1. What factors about the organizational structure and working environment at Columbia/HCA made it more likely for fraud to occur? How do these factors relate to internal control? What could have been done to mitigate these risk factors?

a. The management system put in place was highly decentralized; a single manager was in charge of a region of healthcare providers. Managers were rewarded highly when they reached financial goals. Despite the lower than average base salary, managers could could nearly double their salary by meeting or exceeding these financial goals. This decentralized system grants a lot of power to local and regional officers, though these individuals were under intense amounts of pressure and the company was known to publicly criticize managers if tasks were not completed to Columbia’s specifications. This led to a high turnover in administration.

b. The managers were highly pressured to achieve certain financial goals and were harshly punished for not doing so. This made them desperate to reach these goals by any means necessary.

c. These factors could be mitigated by providing the managers with competitive salaries and significantly decreasing the bonuses and by restructuring the company so all the work does not rest on one person’s shoulders.
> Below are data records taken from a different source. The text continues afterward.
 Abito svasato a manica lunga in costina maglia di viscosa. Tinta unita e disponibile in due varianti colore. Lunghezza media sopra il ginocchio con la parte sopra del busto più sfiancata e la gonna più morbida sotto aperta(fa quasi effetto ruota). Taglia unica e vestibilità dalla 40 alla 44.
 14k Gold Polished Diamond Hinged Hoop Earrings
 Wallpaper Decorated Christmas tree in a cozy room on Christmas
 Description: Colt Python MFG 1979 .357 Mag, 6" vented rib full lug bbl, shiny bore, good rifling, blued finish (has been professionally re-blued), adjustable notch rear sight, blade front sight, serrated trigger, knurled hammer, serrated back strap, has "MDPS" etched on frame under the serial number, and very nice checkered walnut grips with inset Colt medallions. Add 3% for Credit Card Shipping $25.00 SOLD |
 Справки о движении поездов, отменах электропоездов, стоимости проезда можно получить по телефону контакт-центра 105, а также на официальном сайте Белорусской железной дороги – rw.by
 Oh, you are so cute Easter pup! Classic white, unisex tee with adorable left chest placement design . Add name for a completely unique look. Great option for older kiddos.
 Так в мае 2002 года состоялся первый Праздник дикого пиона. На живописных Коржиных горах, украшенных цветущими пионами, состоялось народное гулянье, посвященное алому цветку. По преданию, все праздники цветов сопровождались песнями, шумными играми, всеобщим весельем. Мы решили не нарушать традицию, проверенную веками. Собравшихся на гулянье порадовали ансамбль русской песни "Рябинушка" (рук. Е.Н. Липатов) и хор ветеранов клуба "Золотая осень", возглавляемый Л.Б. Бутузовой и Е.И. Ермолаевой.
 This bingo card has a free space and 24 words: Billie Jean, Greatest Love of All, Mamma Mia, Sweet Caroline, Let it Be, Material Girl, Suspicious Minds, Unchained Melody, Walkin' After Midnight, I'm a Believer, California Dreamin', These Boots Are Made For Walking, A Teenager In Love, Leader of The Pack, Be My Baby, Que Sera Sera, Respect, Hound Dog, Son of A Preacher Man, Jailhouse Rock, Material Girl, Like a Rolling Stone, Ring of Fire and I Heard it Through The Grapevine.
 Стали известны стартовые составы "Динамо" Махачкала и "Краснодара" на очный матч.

2. What factors made healthcare fraud particularly difficult to control in the early and late 1990’s? Have these factors changed since then? Is healthcare fraud still difficult to control?

a. The factors that made fraud difficult to control were the difficulty of determining what is or is not fraud and the fact that it suffered from weak enforcement efforts.

b. Yes, HIPAA provided generous funding for new fraud control programs and the False Claims Act was re-amended to protect whistleblowers from retaliation by their employers.

c. I would say that fraud is still difficult to control just because often it still happens in the healthcare field. There are also new and different ways of committing fraud now that were not mentioned in the article due to updates in technology.

3. What were the fraudulent practices uncovered at Columbia/HCA? Explain how each fraudulent practice works, how it was discovered, and what could have been done to prevent it.

a. Upcoding refers to the practices of inflating the seriousness of a treated illness to receive a higher payment from the insurer. It was discovered when The New York Times examined over 30 million billing records in Columbia-owned hospitals; the findings concluded that 90% of the time, Columbia hospitals were more likely than others to upcode. It could have been prevented by having more stringent policies in place for accurate billing practices.

b. Cost shifting is when a provider fraudulently shifts expenses from one program to another in order to increase reimbursement.